[INFORMATION]:
::::

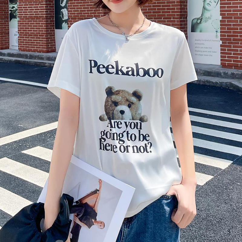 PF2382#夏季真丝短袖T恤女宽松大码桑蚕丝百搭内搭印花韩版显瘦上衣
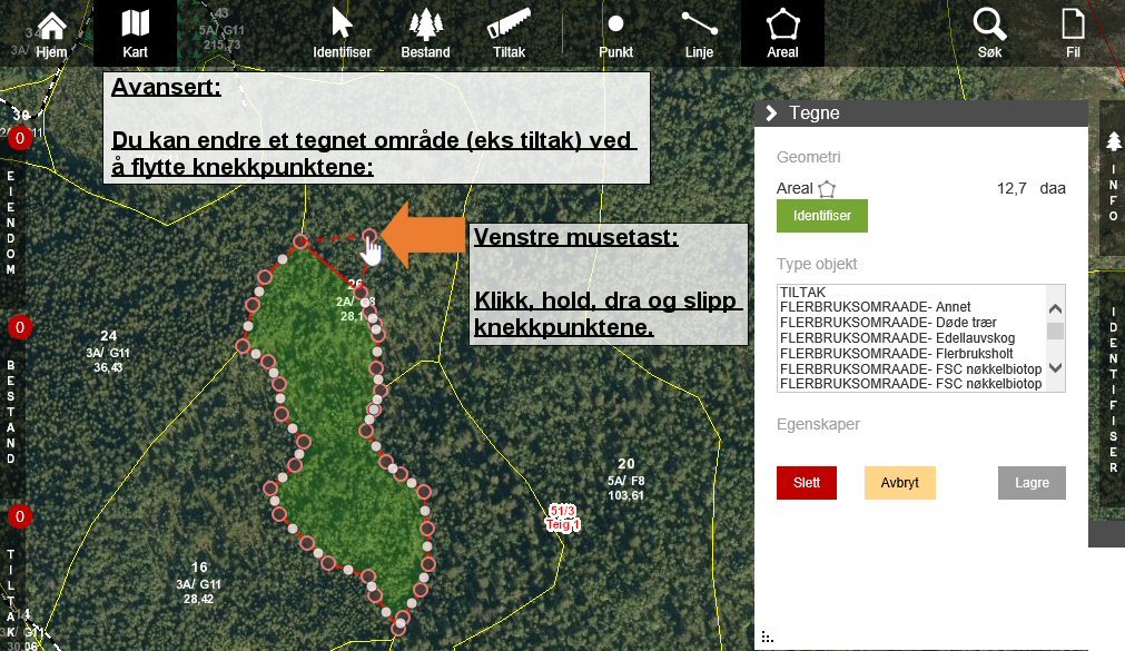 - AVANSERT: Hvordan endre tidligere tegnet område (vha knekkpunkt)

::::

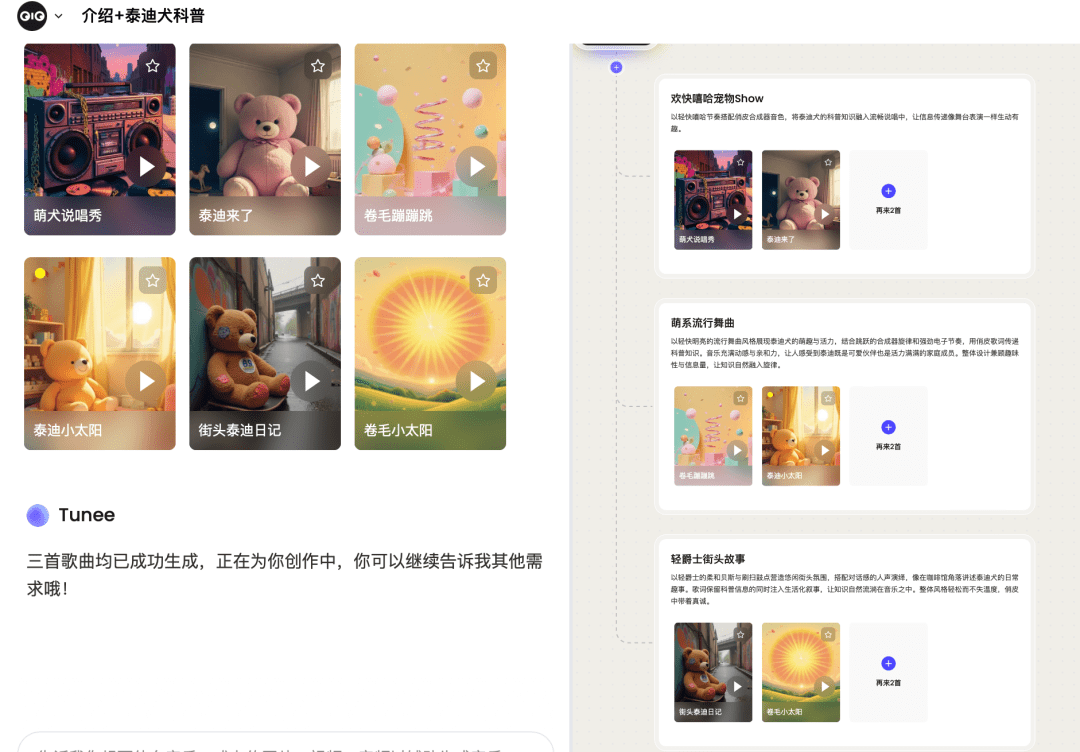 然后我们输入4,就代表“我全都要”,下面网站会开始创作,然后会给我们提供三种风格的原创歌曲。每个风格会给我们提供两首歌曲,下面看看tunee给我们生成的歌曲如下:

::::

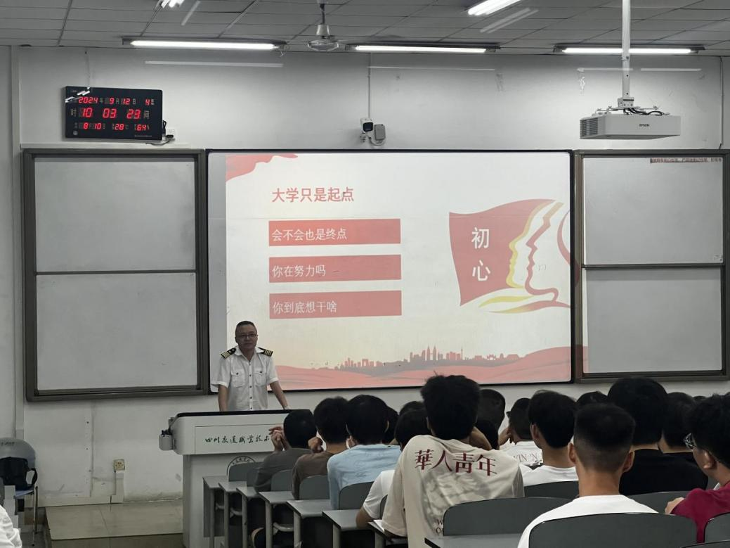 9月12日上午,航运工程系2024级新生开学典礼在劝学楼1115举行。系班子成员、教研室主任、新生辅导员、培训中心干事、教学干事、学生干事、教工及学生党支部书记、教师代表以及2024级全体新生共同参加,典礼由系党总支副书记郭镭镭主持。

::::

[EXERCISE PROMPT]: For this task, return exactly the stretch of the listing above from the line with "PF2382#夏季真丝短袖T恤女宽松大码桑蚕丝百搭内搭印花韩版显瘦上衣" through the line with "- AVANSERT: Hvordan", inclusive and without pictures.

[ANSWER TO THIS TASK]:
 PF2382#夏季真丝短袖T恤女宽松大码桑蚕丝百搭内搭印花韩版显瘦上衣
 - AVANSERT: Hvordan endre tidligere tegnet område (vha knekkpunkt)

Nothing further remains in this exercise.